The study identified 442 patients with a primary diagnosis of AWS or delirium tremens, and those with another primary medical diagnosis complicated by alcohol withdrawal. After adjusting for demographic variables, each one-point increase in the initial and maximum HAWP scores correlated with an increase in the hospital length of stay of 0.3 days [95% confidence interval (95% CI), 0.17 to 0.43 days] and 0.45 days (95% CI, 0.32-0.57 days), and a 15.8 mg (95% CI, 6.6-25.1 mg) and 19.8 mg (95% CI, 11.1-28.5 mg) increase in the total dose of lorazepam given, respectively.
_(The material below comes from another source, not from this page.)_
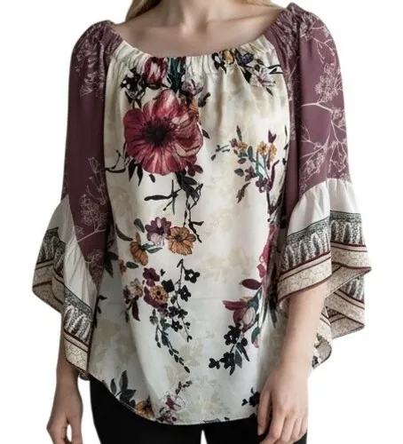 Enchanting florals bloom across this bohemian-inspired blouse, designed to effortlessly elevate your wardrobe. The romantic off-the-shoulder neckline beautifully frames the décolletage, while the flowing bell sleeves add a touch of drama and femininity. A unique colorblock design adorns the sleeves, featuring a captivating blend of solid mauve and decorative white patterns that seamlessly transition from day to night. This top offers a relaxed, comfortable fit that's perfect for embracing your free-spirited style.

The complication rate of seizures, intubations, pneumonia, and death was 13.1%, 12.9%, 6.1% and 0.9%, respectively; a composite endpoint of these outcomes also correlated with initial and maximum HAWP scores (odds ratio 1.09, 95% CI, 1.03%-1.14%).

CONCLUSIONS

The HAWP correlates with medication received and complications, and as such appears to give an indication of AWS severity. It is feasible and shorter than prior scales, and merits further study to confirm its effectiveness as part of symptom-triggered protocols to manage alcohol withdrawal in the hospital.

摘要

目的

本研究旨在评估一种新的简化工具,用于酒精戒断症状触发治疗。

方法

本回顾性队列研究纳入了 2007 年 1 月 1 日至 2008 年 12 月 31 日期间在县医院住院的、国际疾病分类,第九修订版,临床修正诊断为酒精戒断综合征(AWS)或震颤谵妄的患者。研究使用高地酒精戒断协议(HAWP)——修订后的临床酒精戒断评估研究所的简化衍生工具。进行多变量回归分析以比较戒断严重程度与住院时间、镇静剂总剂量和并发症风险。

结果

本研究确定了 442 例 AWS 或震颤谵妄的主要诊断患者,以及其他主要医疗诊断伴有酒精戒断的患者。调整人口统计学变量后,初始和最大 HAWP 评分每增加 1 分,住院时间分别增加 0.3 天[95%置信区间(95%CI),0.17-0.43 天]和 0.45 天(95%CI,0.32-0.57 天),劳拉西泮总剂量分别增加 15.8mg(95%CI,6.6-25.1mg)和 19.8mg(95%CI,11.1-28.5mg)。癫痫发作、插管、肺炎和死亡的并发症发生率分别为 13.1%、12.9%、6.1%和 0.9%;这些结局的复合终点也与初始和最大 HAWP 评分相关(比值比 1.09,95%CI,1.03%-1.14%)。

结论

HAWP 与所接受的药物和并发症相关,因此似乎能提示 AWS 的严重程度。它是可行的,比以前的量表更短,值得进一步研究以确认其作为管理医院酒精戒断的症状触发协议的有效性。